Sul piano musicale, invece, alza di brutto l’asticella proponendo un sound sempre radicato alle origini (si sente sempre l’influenza dei Venom, dei primi Metallica ecc.) ma con tessiture più variabili, con meno foga e più controllo. La vena Hardcore c’è sempre, ma è più controllata dalla tecnica Thrash. Altra differenza sostanziale è il minutaggio delle tracce, mediamente più lunghe rispetto ai lavori precedenti, avvicinandosi alcune ai cinque minuti e superandoli nel caso della splendida ‘Cybernetic War’, di cinque minuti e mezzo.
Per il resto Joel non ha inventato niente di nuovo, non ha dato spazio a sperimentazioni e non ha contemplato contaminazioni di sorta; ha scritto un album di buon Thrash dotato di un buon tiro, pieno di energia e di genuinità, facendolo uscire con impeto da una caverna infernale e farlo piombare in mezzo a noi.
Non ci sono filler o pezzi scadenti, per quanto l’album sappia di vecchia scuola non è nostalgico e neanche scontato. L’unico membro della band da prova di essere un buon maestro musicista e di saper impiegare la voce in modo idoneo ad aumentare il senso di cupezza e malvagità.

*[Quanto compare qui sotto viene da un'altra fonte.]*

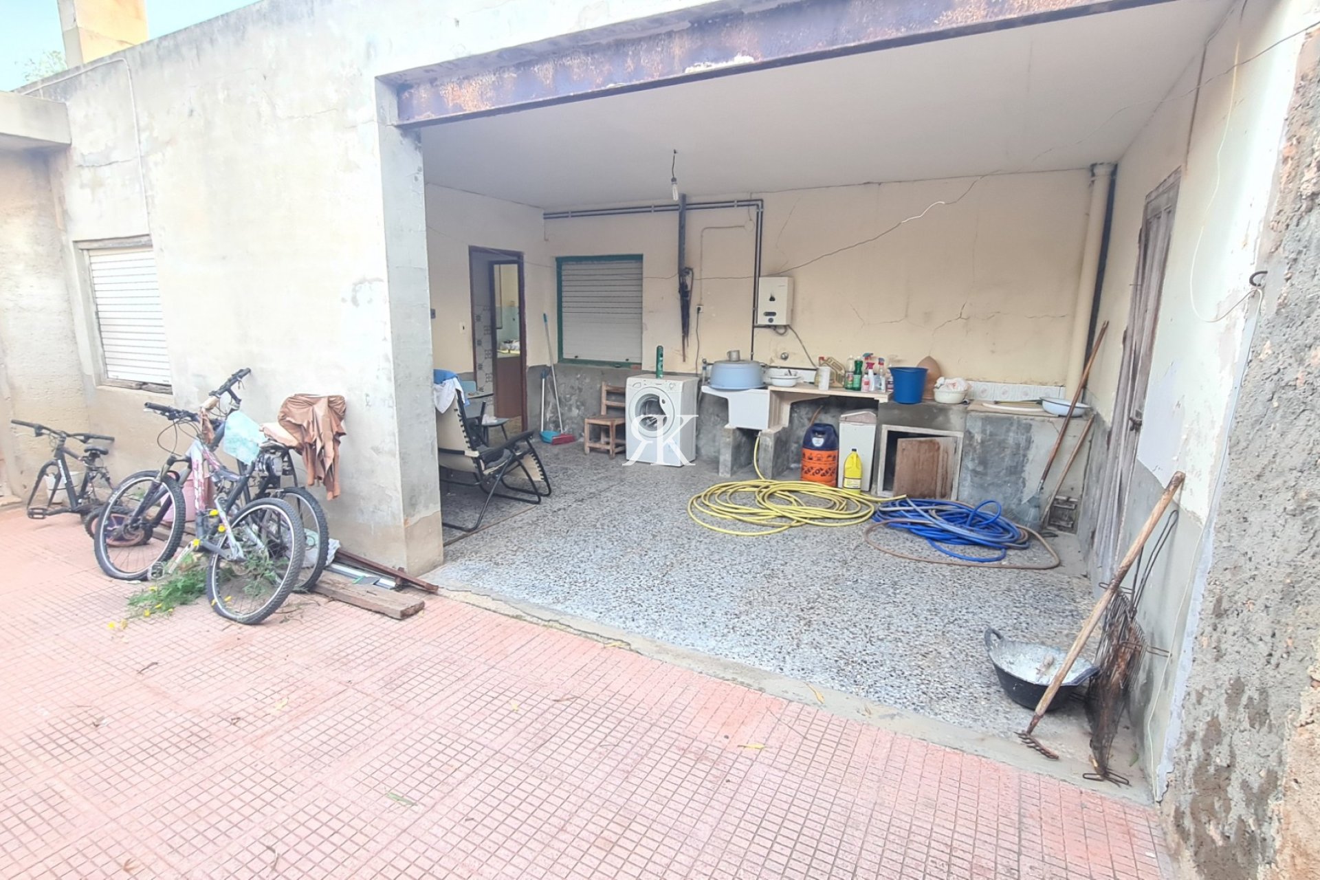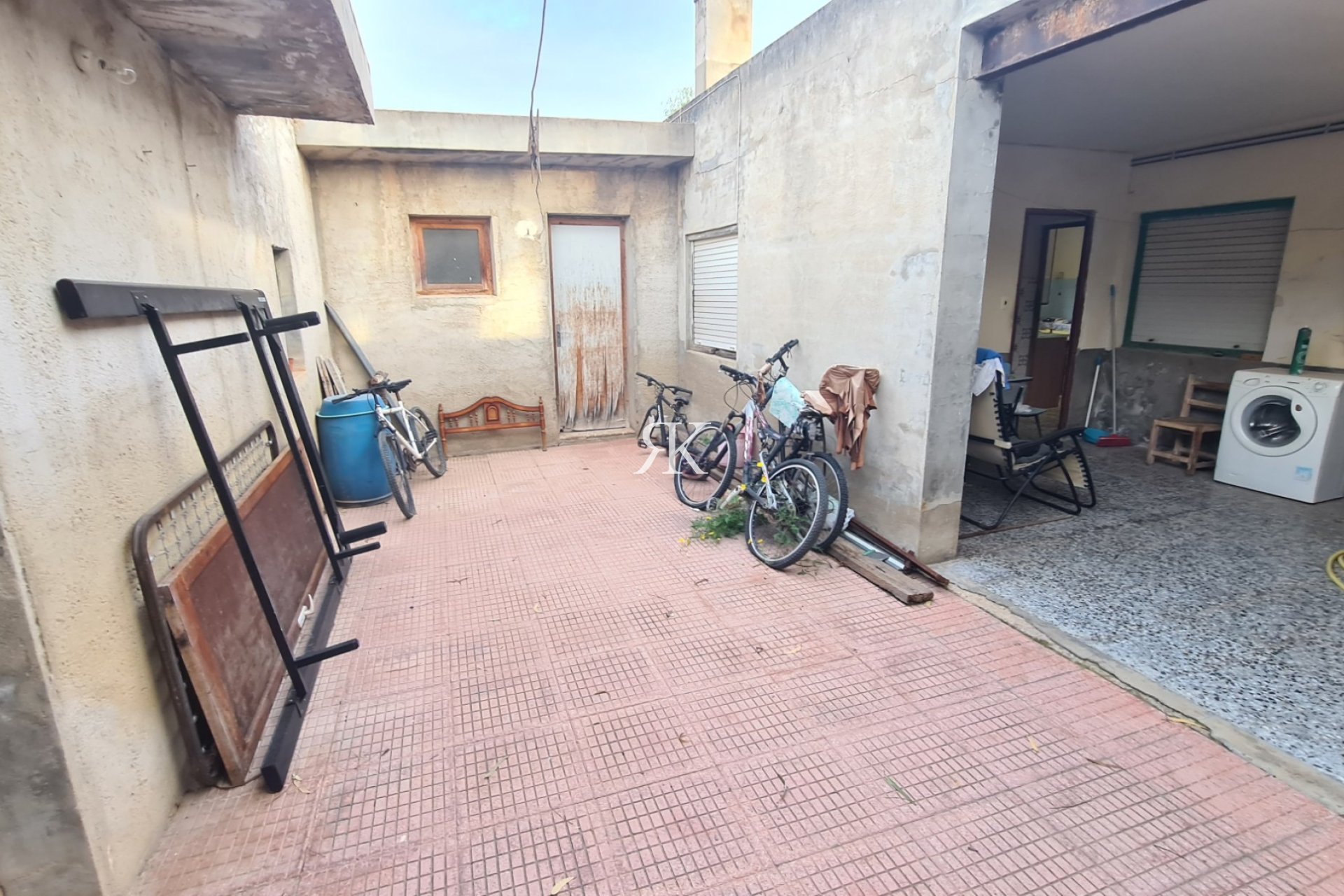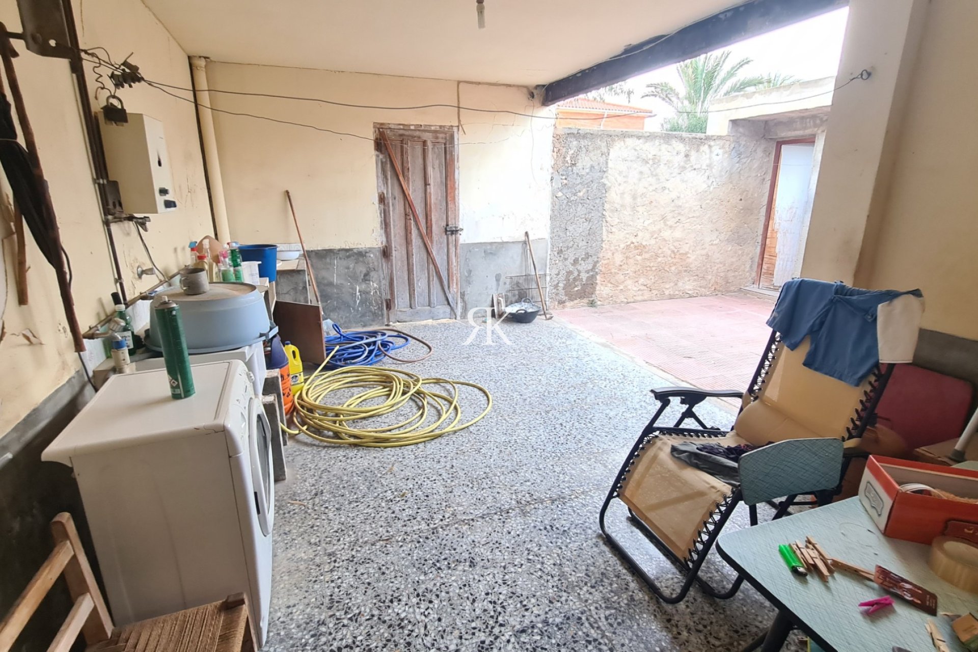 Large internal Patio with a covered terrace,a utility room and a large storage room

Tra i brani citiamo l’iniziane ed anthemica ‘Chemical Warlords’, che ha anticipato l’album come singolo, dinamica ed epica con i suoi chorus ed una parte del canto eseguito a più voci, trascina nel vortice dei Toxic Holocaust senza lasciare via d’uscita.

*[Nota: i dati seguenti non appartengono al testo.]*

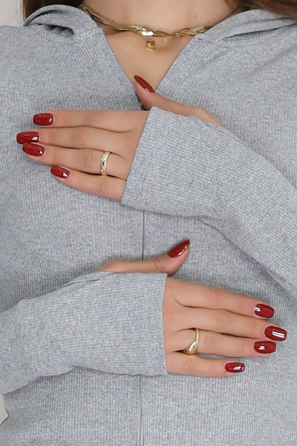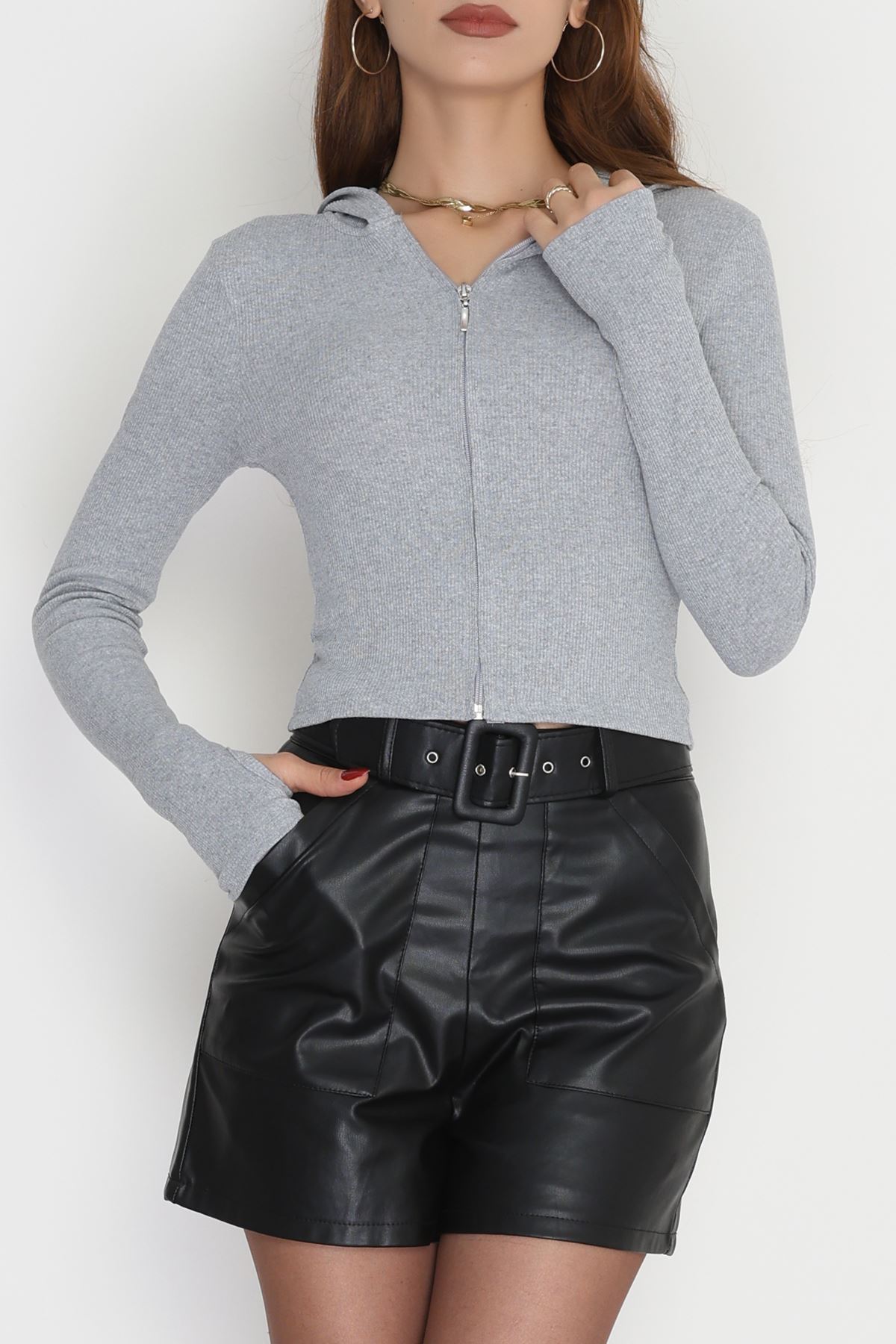 Kapşonlu Parmak Geçmeli Kaşkorse Body Gri - 70769.1748.

‘New World Beyond’ per quanto dura, è più controllata, con il refrain cadenzato, mentre ‘Deafened by the Roar’ è l’esatto contrario: breve, veloce e piena di Hardcore è il collegamento con gli album del passato.
Il brano che dà il titolo all’opera, ‘Primal Future’, è un tempo medio con strofe infernali ed un intermezzo accelerato e potente.
Il ritmo frenetico di ‘Iron Cage’ fa mandare un saluto ai Motorhead mentre la conclusiva, e già citata, ‘Cybernetic War’ è una cavalcata di puro Heavy Metal, che potrebbe essere stata scritta nel periodo della NWOBHM. Meglio di così l’album non poteva chiudersi, lasciando un punto interrogativo su come Joel Grind intenda proseguire il suo lavoro con il progetto Toxic Holocaust.
A parere dello scrivente ‘Primal Future: 2019’, per quanto sappia di passato e non contenga nulla di originale, è un buon passo in avanti per i Toxic Holocaust. Non ci resta che dire bravo a Joel, augurandogli di trovare i compagni di squadra giusti per portare il suo lavoro sui palchi. Il giudizio è più che positivo.